Task to carry out: Your copy must hold all of the data below, unchanged and without images.

Data section:
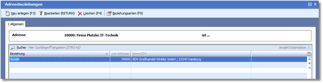 Mit [F3] öffnen Sie den Dialog "Adressbeziehungen erfassen/ändern".
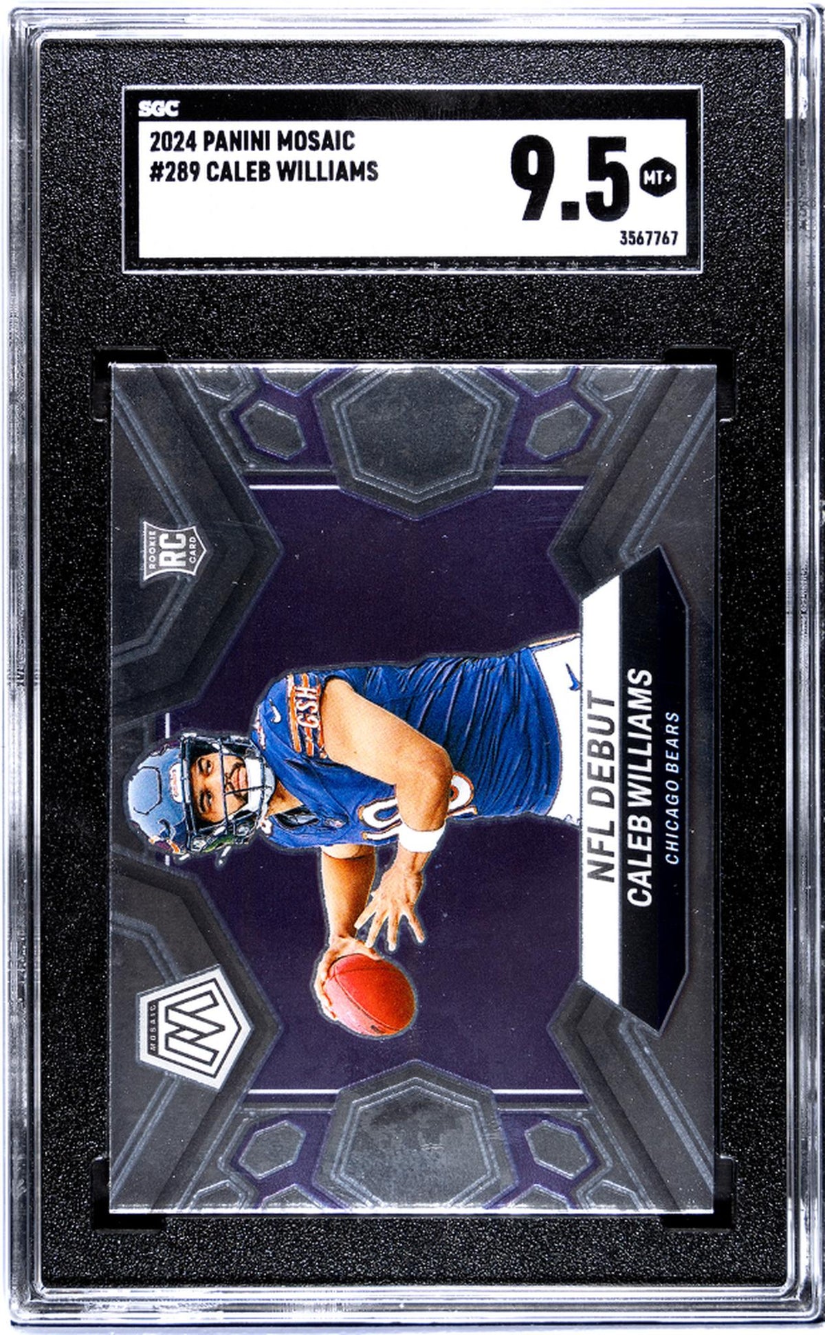 Step into the world of collectible sports cards with this exceptional offering. Presenting the 2024 Panini Mosaic NFL Debut card of the promising player, Caleb Williams. This is a rookie card, making it an even more exciting find for collectors and fans alike.
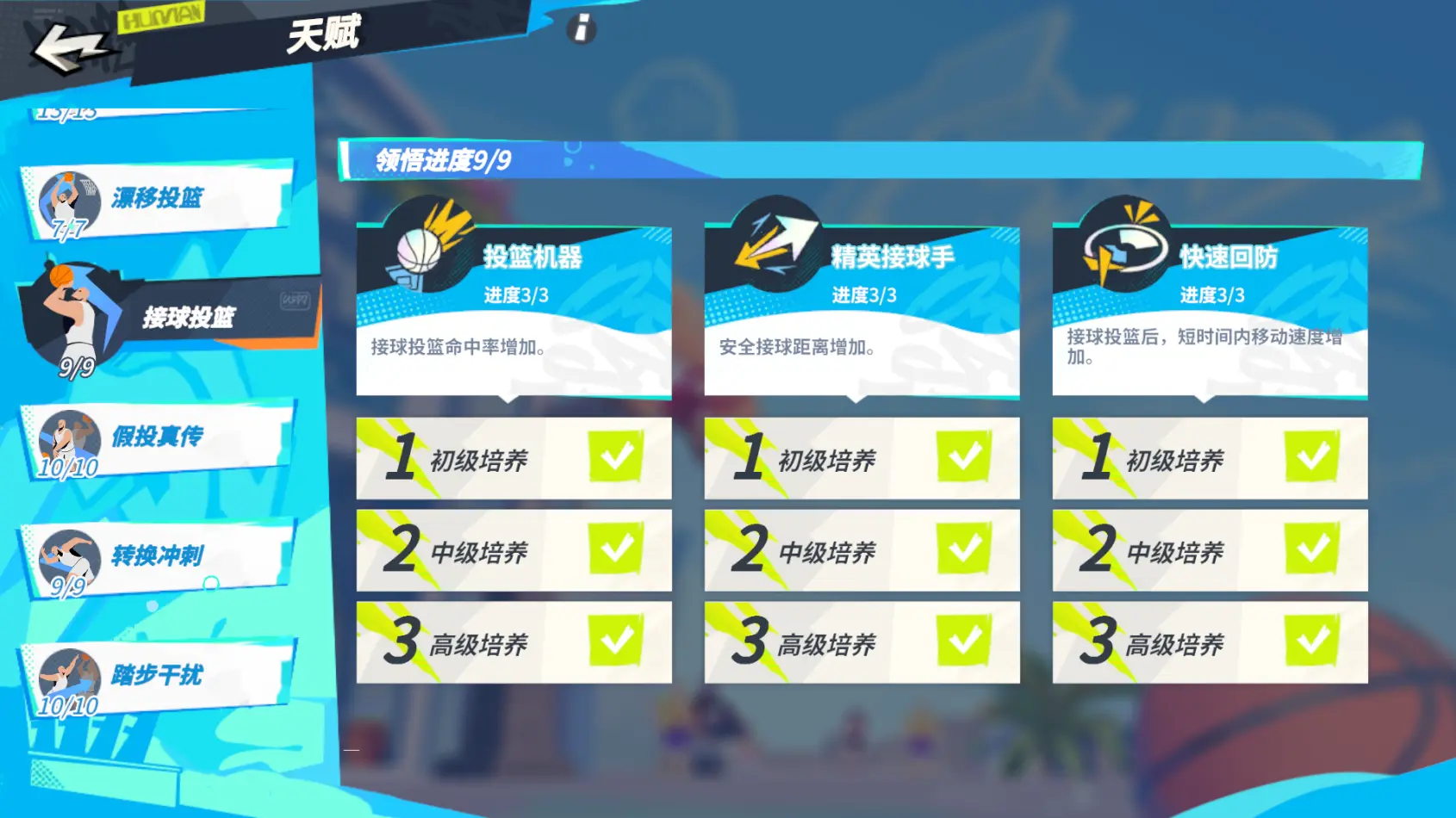 【接球投篮】天赋,提升技能投篮命中率,增加接球时的安全距离,防止被对手拦截抢断,还可以让球员在接球投篮后短暂地增加移动速度,方便攻守转换时的快速回防。
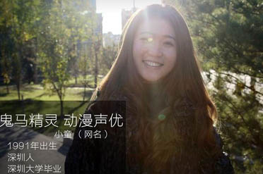 1991年生まれの小童さんは深セン出身で、深セン大學(xué)を卒業(yè)した。生き生きとした彼女はアニメの聲優(yōu)が好きで、優(yōu)れた聲優(yōu)になるのが夢(mèng)だ。
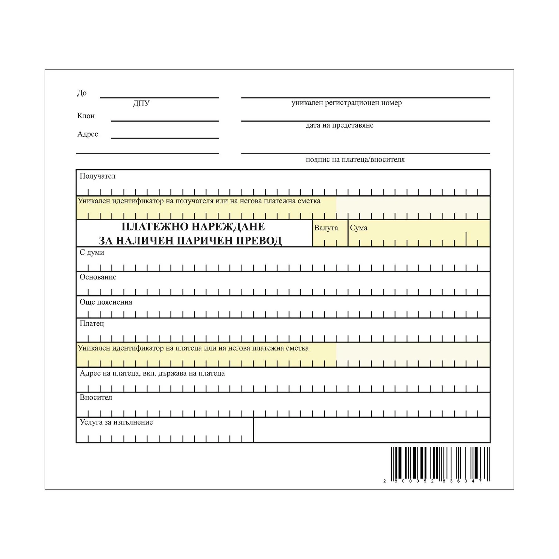 Платежно нареждане за наличен паричен превод
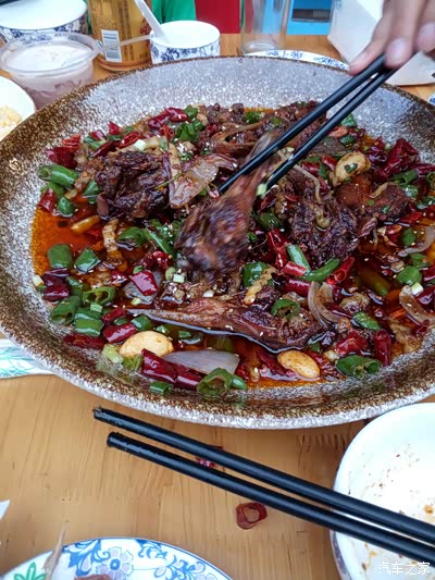 双流停车吃饭,忘了店什么了,好像是牛蛙,干锅鸭,很大份的
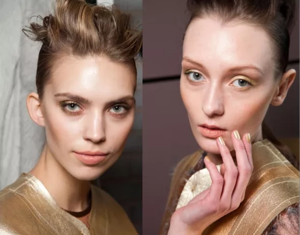 Zlaté stíny musejí být perleťové a s jemnou pigmentací, kdy se stíny nevrství. Naneste je prstem na horní víčko a štětečkem na stíny doplňte podél linie řas. Nedokonalosti jsou tentokrát vítané, tak se nebojte být velkorysejší. Nakonec řasy naličte černou maskarou a pod obočí použijte béžový matný stín.

Result of the exercise:
 Mit [F3] öffnen Sie den Dialog "Adressbeziehungen erfassen/ändern".
 Step into the world of collectible sports cards with this exceptional offering. Presenting the 2024 Panini Mosaic NFL Debut card of the promising player, Caleb Williams. This is a rookie card, making it an even more exciting find for collectors and fans alike.
 【接球投篮】天赋,提升技能投篮命中率,增加接球时的安全距离,防止被对手拦截抢断,还可以让球员在接球投篮后短暂地增加移动速度,方便攻守转换时的快速回防。
 1991年生まれの小童さんは深セン出身で、深セン大學(xué)を卒業(yè)した。生き生きとした彼女はアニメの聲優(yōu)が好きで、優(yōu)れた聲優(yōu)になるのが夢(mèng)だ。
 Платежно нареждане за наличен паричен превод
 双流停车吃饭,忘了店什么了,好像是牛蛙,干锅鸭,很大份的
 Zlaté stíny musejí být perleťové a s jemnou pigmentací, kdy se stíny nevrství. Naneste je prstem na horní víčko a štětečkem na stíny doplňte podél linie řas. Nedokonalosti jsou tentokrát vítané, tak se nebojte být velkorysejší. Nakonec řasy naličte černou maskarou a pod obočí použijte béžový matný stín.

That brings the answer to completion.